AIM OF THE EXERCISE
In the listing below, find the line holding "Визитница надежно сохранит" and the line holding "1. Yatak Odası: Çift". Write out those two lines and all lines between, exactly, and nothing more.

TASK INPUT
---

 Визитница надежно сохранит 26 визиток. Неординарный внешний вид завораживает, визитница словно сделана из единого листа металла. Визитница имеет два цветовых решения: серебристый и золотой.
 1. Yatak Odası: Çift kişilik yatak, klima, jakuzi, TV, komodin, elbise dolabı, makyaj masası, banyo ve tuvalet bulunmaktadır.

---

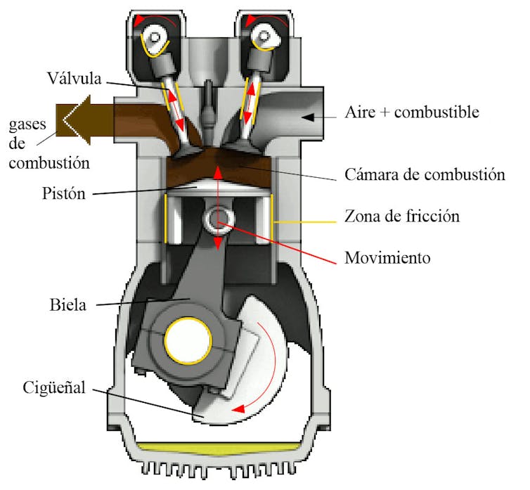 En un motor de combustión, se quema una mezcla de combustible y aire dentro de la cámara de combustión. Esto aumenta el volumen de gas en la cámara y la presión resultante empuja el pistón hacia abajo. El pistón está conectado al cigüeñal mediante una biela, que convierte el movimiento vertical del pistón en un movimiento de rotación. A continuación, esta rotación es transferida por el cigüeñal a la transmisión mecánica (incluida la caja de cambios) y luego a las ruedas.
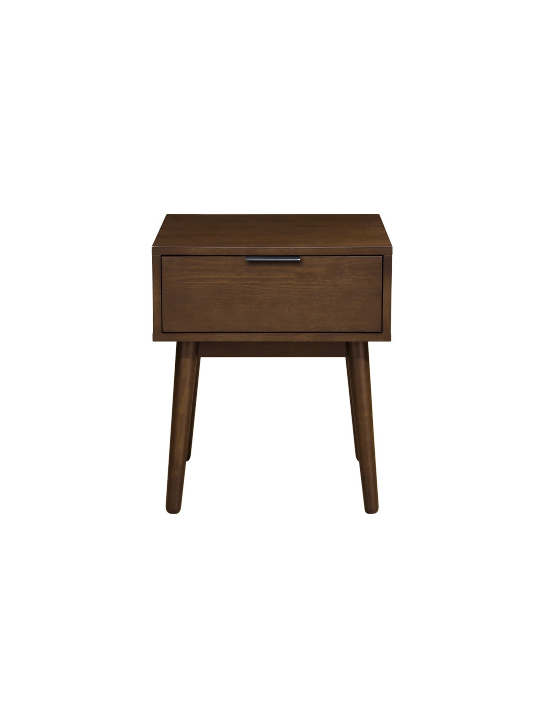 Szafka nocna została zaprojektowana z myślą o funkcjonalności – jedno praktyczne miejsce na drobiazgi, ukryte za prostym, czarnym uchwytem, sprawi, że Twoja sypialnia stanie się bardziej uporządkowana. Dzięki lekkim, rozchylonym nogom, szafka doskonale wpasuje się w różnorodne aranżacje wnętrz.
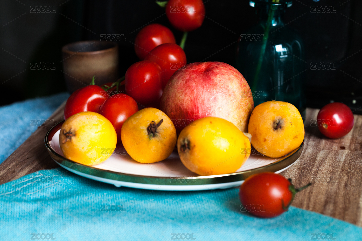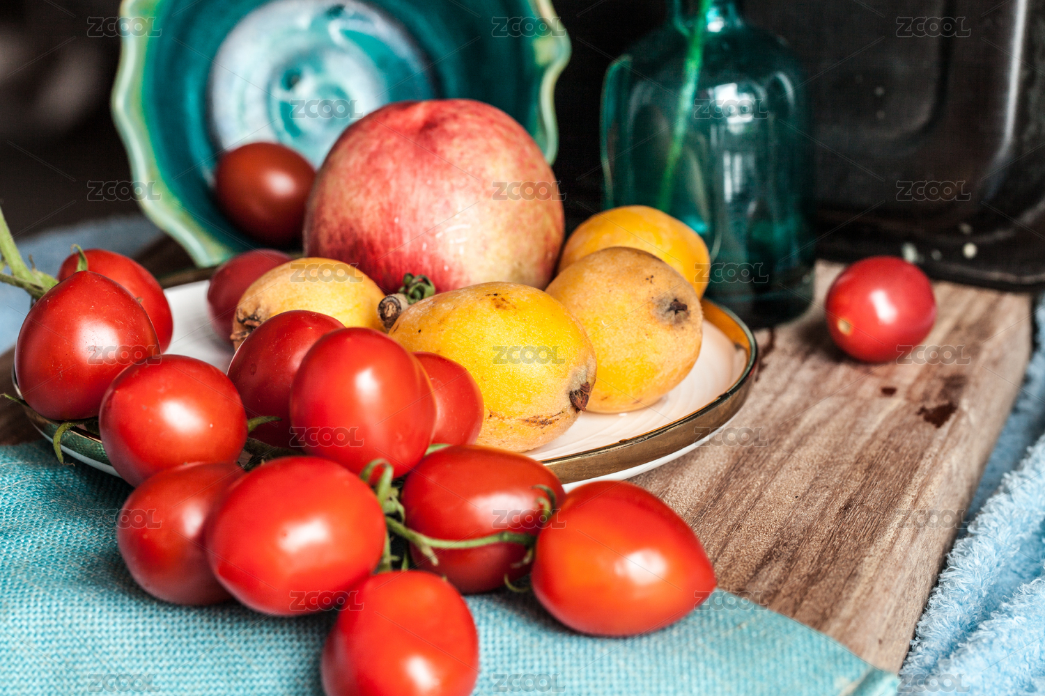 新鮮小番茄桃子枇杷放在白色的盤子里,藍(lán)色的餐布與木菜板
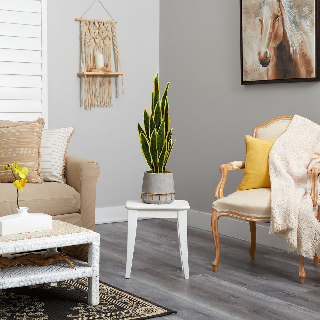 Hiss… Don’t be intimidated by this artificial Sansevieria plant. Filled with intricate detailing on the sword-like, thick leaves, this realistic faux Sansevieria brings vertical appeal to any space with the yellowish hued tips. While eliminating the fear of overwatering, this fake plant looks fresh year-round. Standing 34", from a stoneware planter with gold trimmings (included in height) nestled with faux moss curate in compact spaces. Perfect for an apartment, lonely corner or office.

---

YOUR SOLUTION
 Визитница надежно сохранит 26 визиток. Неординарный внешний вид завораживает, визитница словно сделана из единого листа металла. Визитница имеет два цветовых решения: серебристый и золотой.
 1. Yatak Odası: Çift kişilik yatak, klima, jakuzi, TV, komodin, elbise dolabı, makyaj masası, banyo ve tuvalet bulunmaktadır.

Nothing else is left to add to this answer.